[libcxx-commits] [PATCH] D115995: [libcxx] Add deprecation notices to macros deprecated in P0883R2
Raul Tambre via Phabricator via libcxx-commits
libcxx-commits at lists.llvm.org
Tue Dec 21 23:24:06 PST 2021
tambre added a comment.
In D115995#3205826 <https://reviews.llvm.org/D115995#3205826>, @Quuxplusone wrote:
> In D115995#3205377 <https://reviews.llvm.org/D115995#3205377>, @tambre wrote:
>
>> In D115995#3205319 <https://reviews.llvm.org/D115995#3205319>, @Quuxplusone wrote:
>>
>>> Okay, now that I'm hitting this in a real codebase, I'm stumped as to what the (WG21 and/or libc++) recommendation is, here. `ATOMIC_FLAG_INIT` is //required// up-to-and-including C++17, and then //deprecated// in-and-above C++20? So if I have code in my codebase today like
>>
>> I don't see why you'd think using the macro would be required.
>
> AFAICT, on paper, C++17/20 `atomic_flag` has no constructors
> https://en.cppreference.com/w/cpp/atomic/atomic_flag/atomic_flag
> except for the default constructor (trivial in C++17) and the deleted copy constructor.

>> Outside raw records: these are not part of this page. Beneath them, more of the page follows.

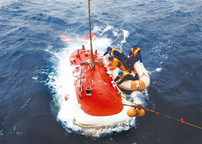 当地时间4日8时43分(北京时间4日7时43分),“蛟龙”号载人潜水器载着3名潜航人员在风雨中离开“向阳红09”科学考察船,进入太平洋洋面。11分钟后,在科考队员注视的目光下,“蛟龙”号向着雅浦海沟深处潜去。
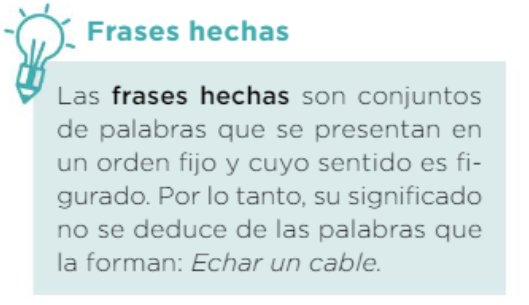 Las frases hechas son expresiones fijas con un significado especial.
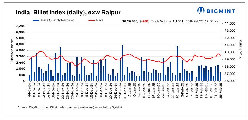 BigMint’s billet index dropped by INR 150/tonne (t) d-o-d today to INR 39,550/t exw-Raipur on 25 February 2025.
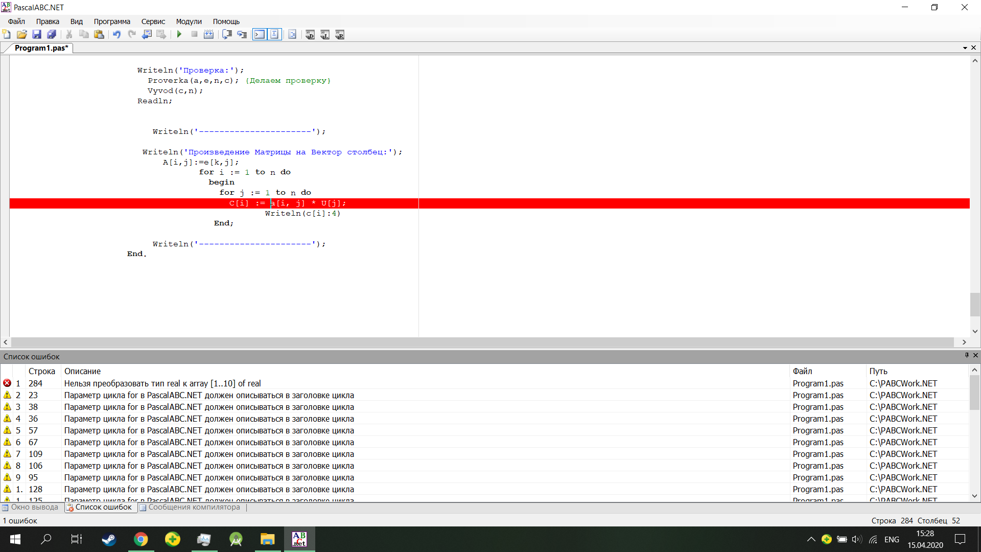 Ошибки в переменных цикла? или ошибки в переменных матрицы, хотя в матрицах ошибки нет, так как вывод вектор столбца верен.
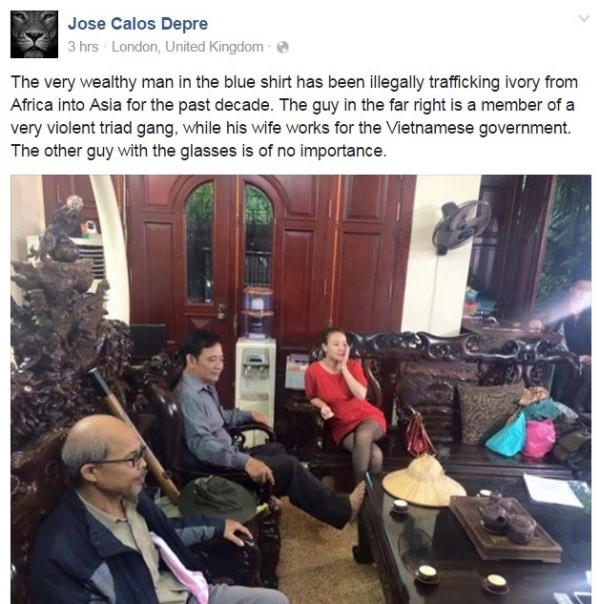 Mới đây, một tài khoản facebook có tên Jose Calos Depre bất ngờ đăng một bức ảnh có nghệ sĩ Quang Tèo, nghệ sĩ Hán Văn Tình cùng dòng chữ: “Người đàn ông rất giàu có trong chiếc áo xanh kia đã buôn lậu ngà voi từ châu Phi sang châu Á trong cả một thập kỷ qua... Người đeo kính còn lại không có gì quan trọng”.
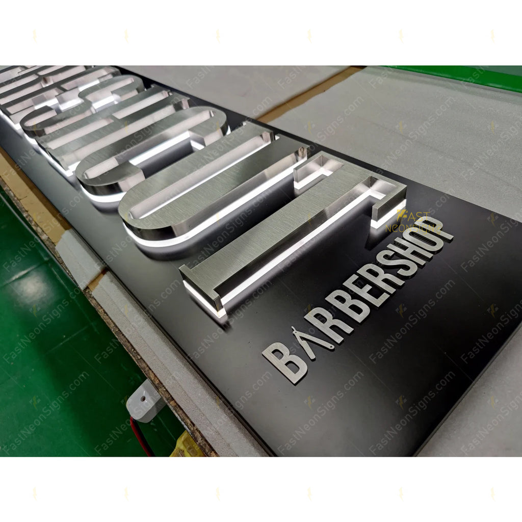 Upgrade your business, interior, beauty shop, salon, or storefront with a custom 3D metal backlit sign. Made with stainless steel, this sign features gold and silver lettering to add a touch of sophistication and elegance. Showcase your brand with a professional and eye-catching sign.
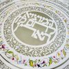 This beautiful Shabbat Challah Board made with a 24k Gold border rim has a Jerusalem cut design with the central Blessing, “who brings forth bread from the earth” which is surrounded by the Blessing “You open your hand, and satisfy the desire of every living thing.”
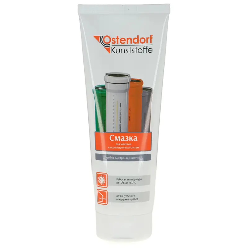 - Смазка Ostendorf SL предназначена для монтажа наружных и внутренних систем водоотведения.
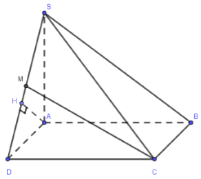 Kẻ $AH \bot SD,\,\,H \in SD\,\,\left( 1 \right)$ ta có: \(\left\{ \begin{array}{l}CD \bot AD\\CD \bot SA\end{array} \right. \Rightarrow CD \bot \left( {SAD} \right) \Rightarrow SD \bot AH\,\,\left( 2 \right)\)
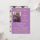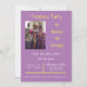 Imagen de niña cumpleañera y princesa sobre fondo morado en la parte frontal con detalles de la fiesta e imágenes de margaritas en la parte trasera.

So if you want an `atomic_flag` initialized with `false`, you need //some// way of getting `false` into it. On paper, there's no guarantee that `std::atomic_flag f = {false};` will compile. But I just checked Godbolt and every major compiler //does// support that syntax, so I suppose it's safe to use in practice: https://godbolt.org/z/4cbbGcv96
Ouch, you're correct. I was looking at `std::atomic`' not `std::atomic_flag`. Does seem like an oversight.